A good sanity check is |vb-va|>0 ^ |vc-va|>0, |tb-ta|>0 ^ |tc-ta|>0, |normalized(vb-va) . normalized(vc-va)| < 1 and |normalized(tb-ta) . normalized(tc-ta)| < 1.
I'm having a problem with OpenCV's various parameterization of coordinates used for camera calibration purposes. The problem is that three different sources of information on image distortion formulae apparently give three non-equivalent description of the parameters and equations involved:
(1) In their book "Learning OpenCV…" Bradski and Kaehler write regarding lens distortion (page 376):
xcorrected = x * ( 1 + k1 * r^2 + k2 * r^4 + k3 * r^6 ) + [ 2 * p1 * x * y + p2 * ( r^2 + 2 * x^2 ) ],
ycorrected = y * ( 1 + k1 * r^2 + k2 * r^4 + k3 * r^6 ) + [ p1 * ( r^2 + 2 * y^2 ) + 2 * p2 * x * y ],
where r = sqrt( x^2 + y^2 ).
Assumably, (x, y) are the coordinates of pixels in the uncorrected captured image corresponding to world-point objects with coordinates (X, Y, Z), camera-frame referenced, for which
xcorrected = fx * ( X / Z ) + cx and ycorrected = fy * ( Y / Z ) + cy,
where fx, fy, cx, and cy, are the camera's intrinsic parameters. So, having (x, y) from a captured image, we can obtain the desired coordinates ( xcorrected, ycorrected ) to produced an undistorted image of the captured world scene by applying the above first two correction expressions.
However...
(2) The complication arises as we look at OpenCV 2.0 C Reference entry under the Camera Calibration and 3D Reconstruction section. For ease of comparison we start with all world-point (X, Y, Z) coordinates being expressed with respect to the camera's reference frame, just as in #1. Consequently, the transformation matrix [ R | t ] is of no concern.

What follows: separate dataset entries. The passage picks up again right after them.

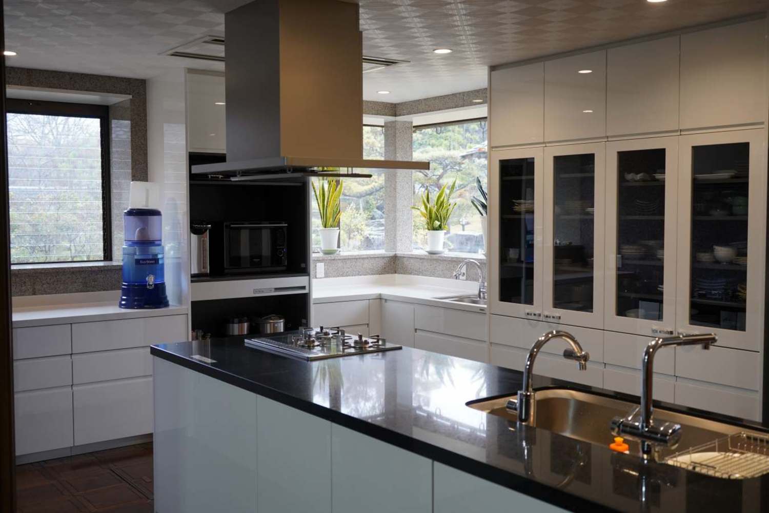 黒のワークトップに、艶やかな白の扉(面材)が映える、高級感あふれるアイランドキッチンです。 コーナーサッシを含む2面からたっぷりと自然光が入り、黒を使っていながらも空間全体は明るく開放的。
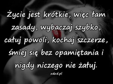 Życie jest krótkie, więc łam zasady, wybaczaj szybko, całuj powoli, kochaj szczerze, śmiej się bez opamiętania i nigdy niczego nie żałuj.
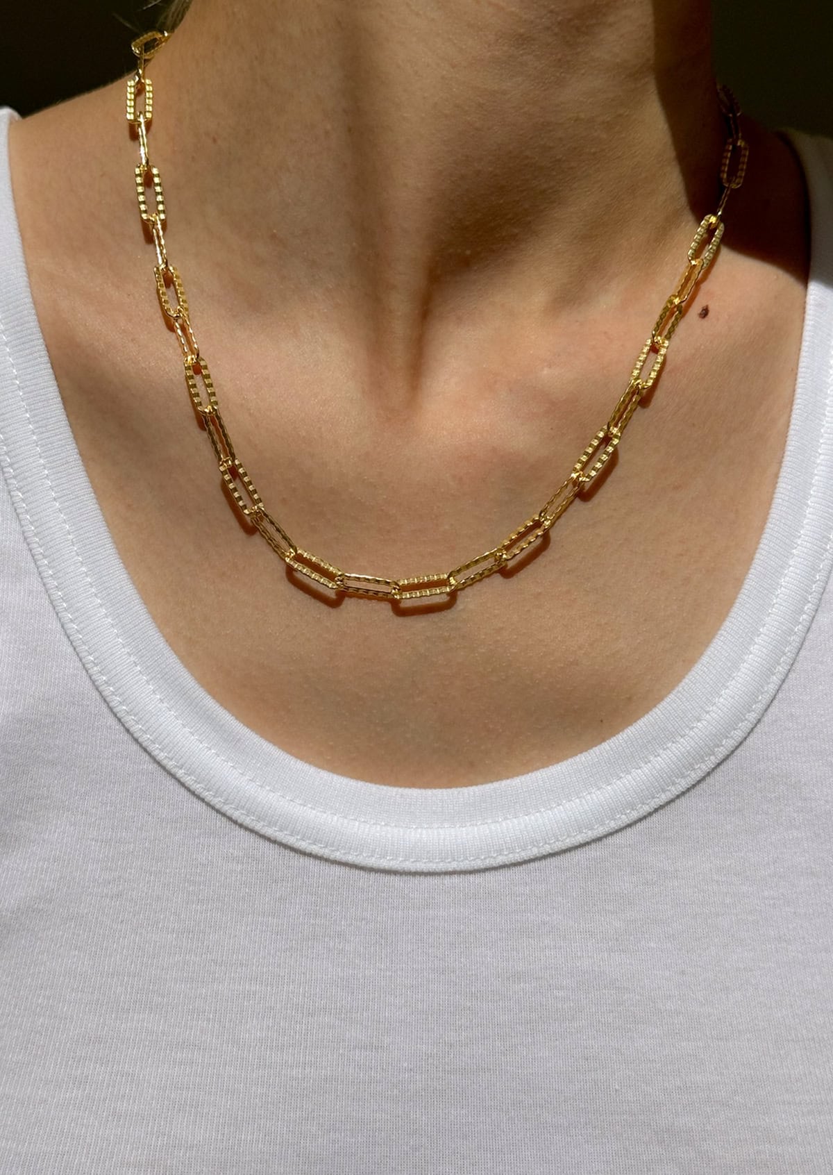 A unique paperclip chain with a rough finish, that adds dimension and an unexpected touch. It can be fastened to any link, offering various styles, from a sexy chain choker to a three layer bracelet. Perfect combined with pearl jewelry.
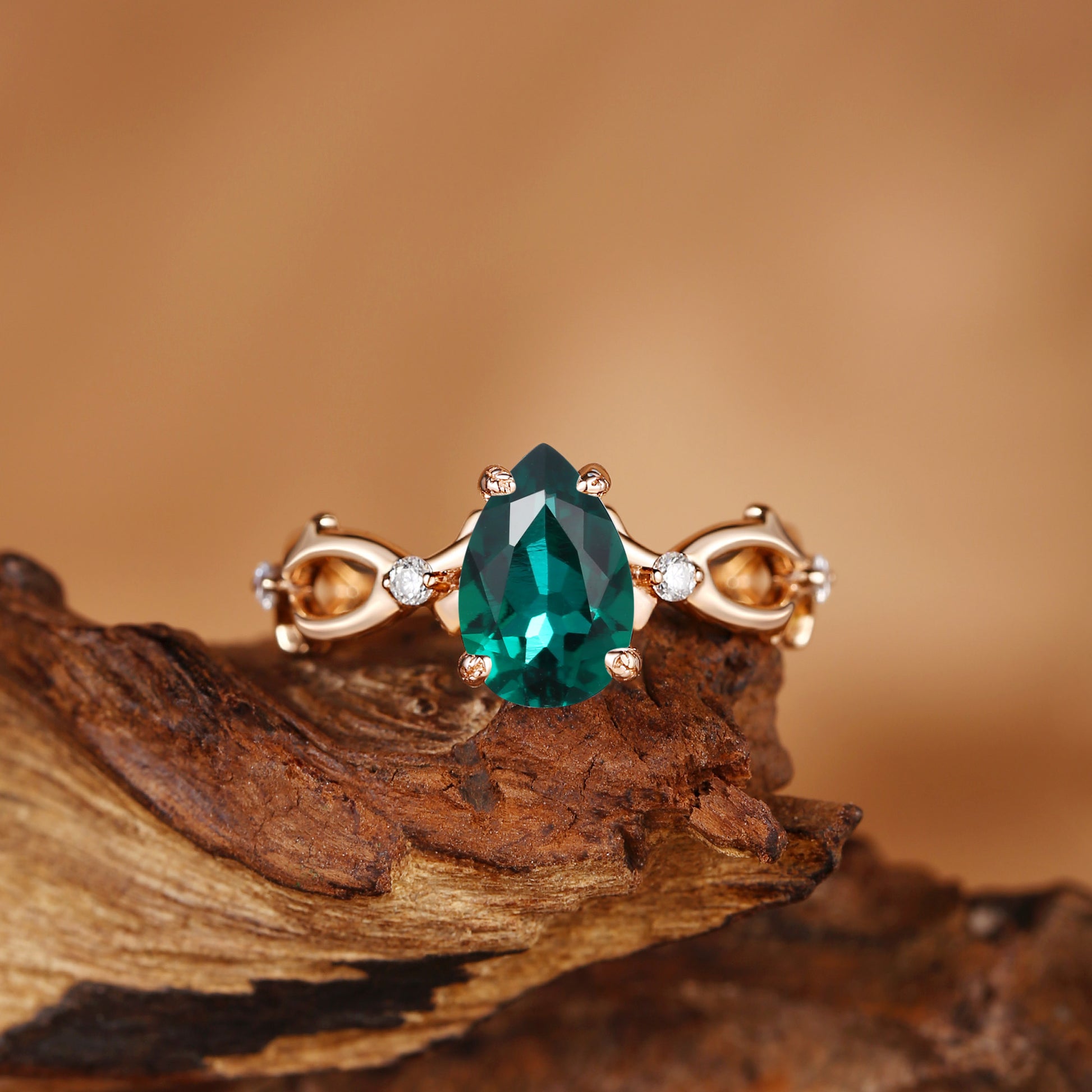 Beatrice - Unique Pear Cut Emerald Thorns Engagement Ring
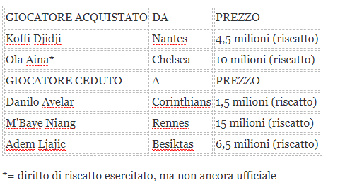 CESSIONI - Movimenti anche in uscita, con i riscatti di Ljajic, Avelar e Niang; che hanno portato circa 23 milioni nelle casse del Torino. Il più ricco è senza dubbio quello dell'attaccante senegalese, acquistato a titolo definitivo dal Rennes per 15 milioni di euro al termine di una stagione molto positiva. Discorsi simili anche per Ljajic e Avelar, riscattati da Besiktas e Corinthians rispettivamente per 6,5 e 1,5 milioni di euro. Ci saranno altre cessioni? Probabilmente sì, ma Cairo è stato chiaro: "Terremo i migliori".
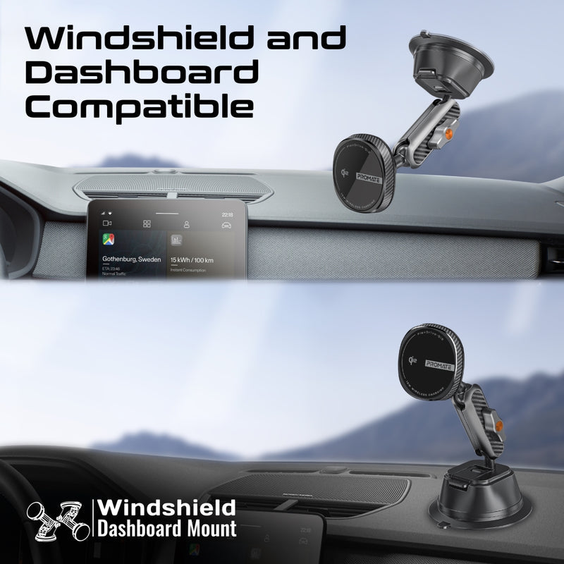 Promate 15W MagSafe-Compatible Magnetic Wireless Car Charger and Mount with Unique Design
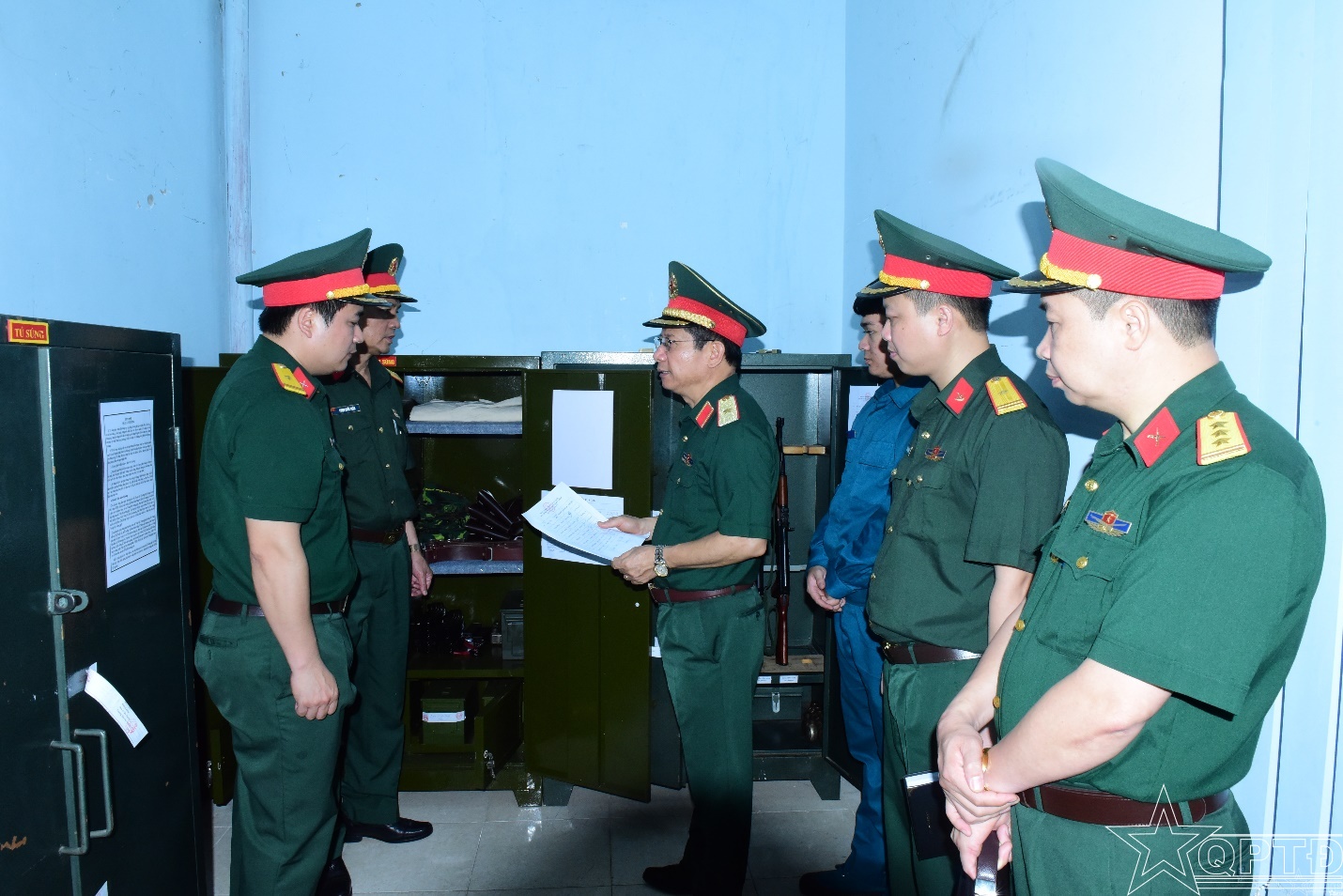 Nội dung kiểm tra tập trung vào tình hình quản lý khai thác, sử dụng, bảo quản vũ khí, trang bị kỹ thuật và hệ thống kho tàng; bảo đảm hậu cần thường xuyên, công tác chăm sóc nuôi dưỡng bộ đội và lực lượng dân quân thường trực, quản lý và sử dụng cơ sở vật chất hậu cần; sắp xếp biển bảng, xây dựng doanh trại chính quy.
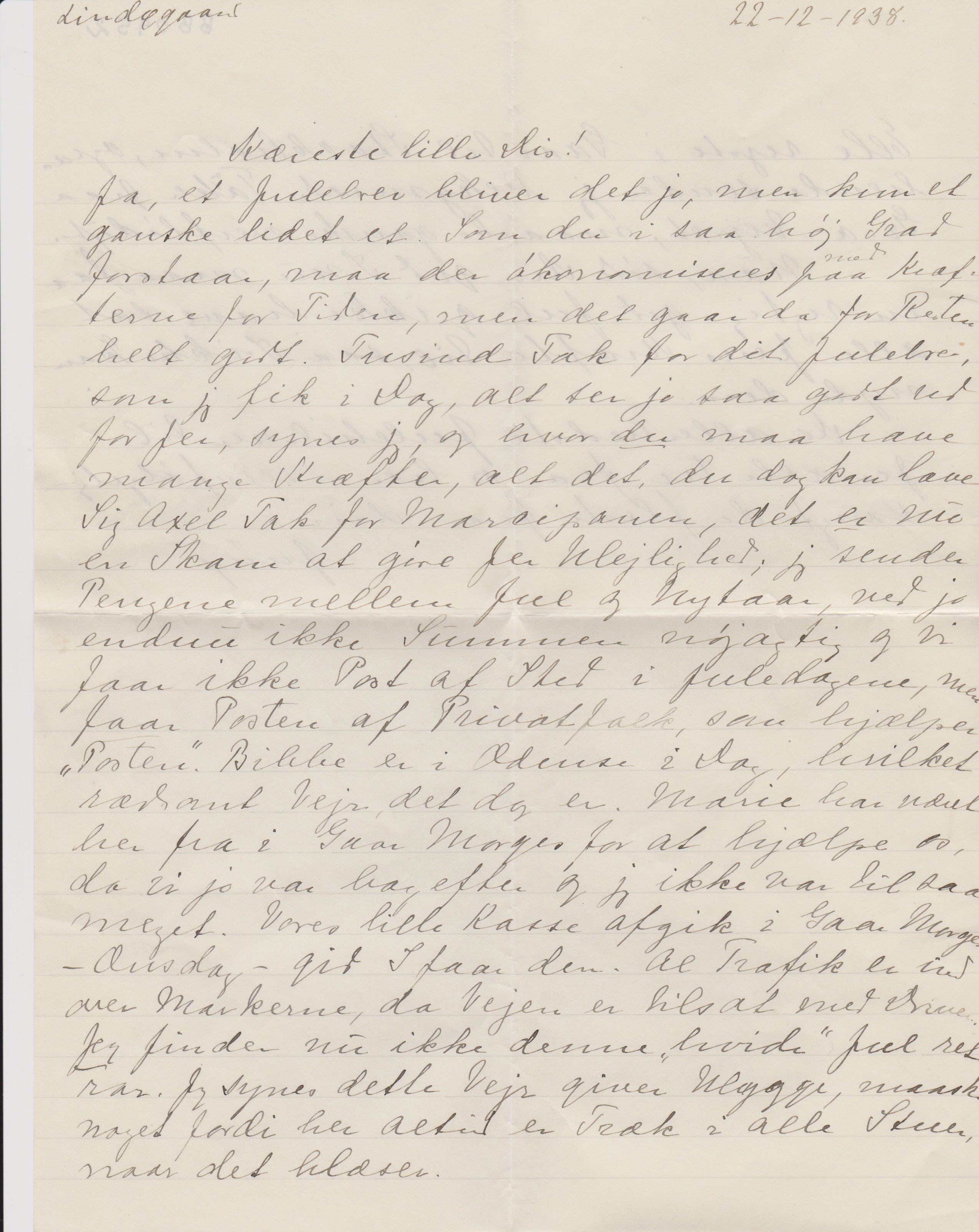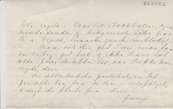 Ja, et Julebrev bliver det jo, men kun et ganske lidet et. Som du i saa høj Grad forstaar, maa der økonomiseres paa med [”med” indsat over liljen] Kræfterne for Tiden, men det gaar da for Resten helt godt. Tusind Tak for dit Julebrev, som jeg fik i Dag, alt ser jo saa godt ud for Jer, synes jeg, og hvor du maa have mange Kræfter, alt det, du dog kan lave Sig Axel Tak for Marcipanen, det er nu en Skam at gøre Jer Ulejlighed; jeg sender Pengene mellem Jul og Nytaar, ved jo endnu ikke Summen nøjagtig og vi faar ikke Post af Sted i Juledagene, men faar Posten af Privatfolk, som hjælper ”Posten”. Bibbe er i Odense i Dag, hvilket rædsomt Vejr, det dog er. Marie har været her fra i Gaar Morges for at hjælpe os, da vi jo var bag efter og jeg ikke var til saa meget. Vores lille Kasse afgik i Gaar Morges – Onsdag – gid I faar den. Al Trafik er ind over Markerne, da Vejen er tilsat med Driver. Jeg finder nu ikke denne ”hvide” Jul ret rar. Jeg synes dette Vejr giver Uhygge, maaske noget fordi her altid er Træk i alle Stuer, naar det blæser.

In the C reference, it is expressed that:
x' = X / Z,
y' = Y / Z,
x'' = x' * ( 1 + k1 * r'^2 + k2 * r'^4 + k3 * r'^6 ) + [ 2 * p1 * x' * y' + p2 * ( r'^2 + 2 * x'^2 ) ],
y'' = y' * ( 1 + k1 * r'^2 + k2 * r'^4 + k3 * r'^6 ) + [ p1 * ( r'^2 + 2 * y'^2 ) + 2 * p2 * x' * y' ],
where r' = sqrt( x'^2 + y'^2 ), and finally that
u = fx * x'' + cx,
v = fy * y'' + cy.
As one can see these expressions are not equivalent to those presented in #1, with the result that the two sets of corrected coordinates ( xcorrected, ycorrected ) and ( u, v ) are not the same. Why the contradiction? It seems to me the first set makes more sense as I can attach physical meaning to each and every x and y in there, while I find no physical meaning in x' = X / Z and y' = Y / Z when the camera focal length is not exactly 1. Furthermore, one cannot compute x' and y' for we don't know (X, Y, Z).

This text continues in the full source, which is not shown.